I found out that I get the best inspirations, when I spend a day on the move in the nature (either cycling or hiking). It works best when I'm on my own and don't meet many people on the route. It took a while to find out the best method to collect the ideas (I can't remember them until I'm back home). But the best way for me is to record a sketch of the idea on the cell phone (by whistling, humming and tapping/beatboxing).

I guess this only works for me because I enjoy cycling/hiking anyway.

The hike / cycling route should be moderately challenging, so that I'm not too focused or exhausted and the thoughts can float around freely.

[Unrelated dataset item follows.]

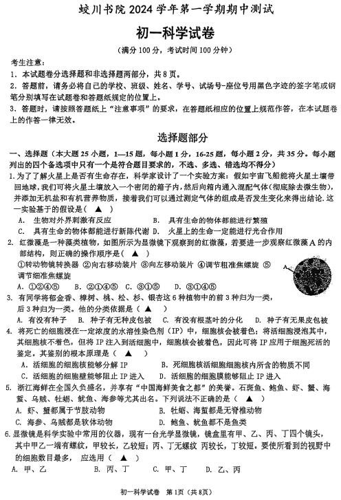 2024学年第一学期浙江省宁波镇海蛟川书院七年级期中考试科学试卷(到第2章,扫描pdf版,无答案)
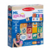 Stack, roll, match, and learn with Melissa & Doug® Ms. Rachel™ Wooden Learning Blocks! Inspired by Ms. Rachel's popular baby and toddler videos, this blocks and activity cards set is made with love to support learning for littles, and is packed in a sturdy box, for on-the-go play and easy cleanup. Stimulate cognitive development with 26 blocks that help kids identify letters, numbers, pictures, and colors. Encourage language skills, turn-taking, and social skills with four game blocks, featuring animals, body parts, emotions, and movements, along with 14 double-sided activity cards for matching, counting, play ideas, developmental skill information and tips. Block play is great for boosting fine motor skills and self-esteem, as little hands grasp, build, and play. These Melissa & Doug toys are toddler learning toys, designed by Ms. Rachel and developmental experts to support all children through their ages and stages, from 18 months to 3+ years. Ms. Rachel toys are ideal newborn toys, toddler toys, preschool toys, Montessori toys, and toys for ages 2-4. From baby shower gifts to baby essentials, these products help babies and families learn, bond, and thrive. Ms. Rachel is a real teacher with two master's degrees in education. She is passionate about creating research-based videos and products to educate families and support learning for littles. This product is certified by the Forest Stewardship Council. FSC certification ensures that products come from responsibly managed forests that provide environmental, social, and economic benefits, and that forests are protected for future generations. Please note that FSC certification applies to new inventory only (FSC C156584).

Which methods work best for you?


----------



## composingmusic (Dec 16, 2021)

I find that if I know what I want in a piece, that helps a lot. The first phases can take a long time – I'm floating around, trying to figure out what I'm doing. It's a matter of working out what the landscape of the piece is and how the musical language of that piece works. Having a clear idea of what I'm doing also means I can make something coherent and keep a train of thought going through the whole process of writing the work. 

As for inspiration, it does come but I don't wait for it – usually it takes some work for me to figure out what it is I want to do, and then the inspiration will come once I figure out how to tackle a problem I've been mulling over in my head for some time.


----------



## dko22 (Jun 22, 2021)

for a time, most of my works were directly inspired by the ideas in other works (often not very well known ones) which started things off after which things just developed spontaneously in their own direction. In others there may be a concept or simply I felt it was time to write another symphony, quartet or whatever. In the case of my most recent work, it was inspired by the sounds in a specific virtual library -- actually the second time this has happened. 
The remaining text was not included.